╭─ AVAILABLE DATA

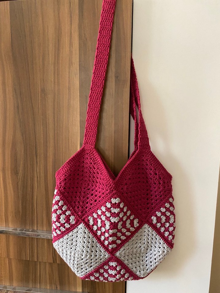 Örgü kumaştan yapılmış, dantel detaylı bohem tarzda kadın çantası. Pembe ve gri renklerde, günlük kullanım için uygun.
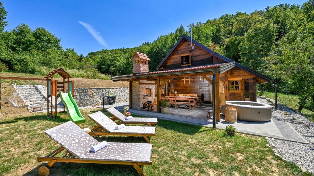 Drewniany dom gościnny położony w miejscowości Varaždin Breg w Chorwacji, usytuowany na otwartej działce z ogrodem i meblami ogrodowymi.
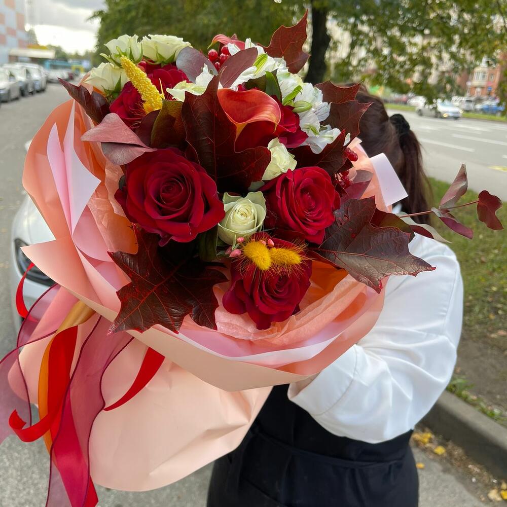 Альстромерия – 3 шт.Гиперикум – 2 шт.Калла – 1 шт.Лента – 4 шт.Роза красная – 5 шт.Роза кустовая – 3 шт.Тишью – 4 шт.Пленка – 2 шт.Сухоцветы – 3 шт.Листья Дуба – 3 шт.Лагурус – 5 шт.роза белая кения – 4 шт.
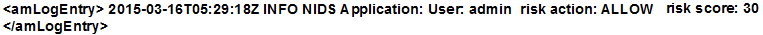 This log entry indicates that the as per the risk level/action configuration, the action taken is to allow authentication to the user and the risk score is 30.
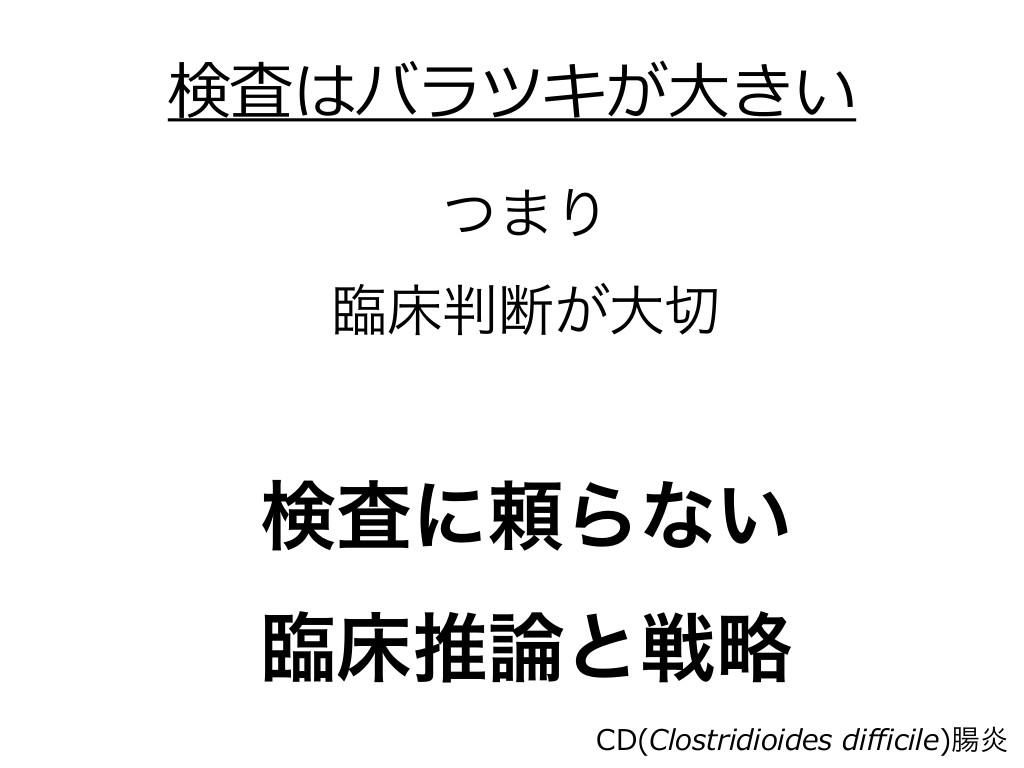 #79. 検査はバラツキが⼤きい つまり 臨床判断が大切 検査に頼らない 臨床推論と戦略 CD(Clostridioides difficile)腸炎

╰─

▶ **EXERCISE DETAILS**
Print each entry above verbatim, pictures left out.

▶ **RESPONSE**
 Örgü kumaştan yapılmış, dantel detaylı bohem tarzda kadın çantası. Pembe ve gri renklerde, günlük kullanım için uygun.
 Drewniany dom gościnny położony w miejscowości Varaždin Breg w Chorwacji, usytuowany na otwartej działce z ogrodem i meblami ogrodowymi.
 Альстромерия – 3 шт.Гиперикум – 2 шт.Калла – 1 шт.Лента – 4 шт.Роза красная – 5 шт.Роза кустовая – 3 шт.Тишью – 4 шт.Пленка – 2 шт.Сухоцветы – 3 шт.Листья Дуба – 3 шт.Лагурус – 5 шт.роза белая кения – 4 шт.
 This log entry indicates that the as per the risk level/action configuration, the action taken is to allow authentication to the user and the risk score is 30.
 #79. 検査はバラツキが⼤きい つまり 臨床判断が大切 検査に頼らない 臨床推論と戦略 CD(Clostridioides difficile)腸炎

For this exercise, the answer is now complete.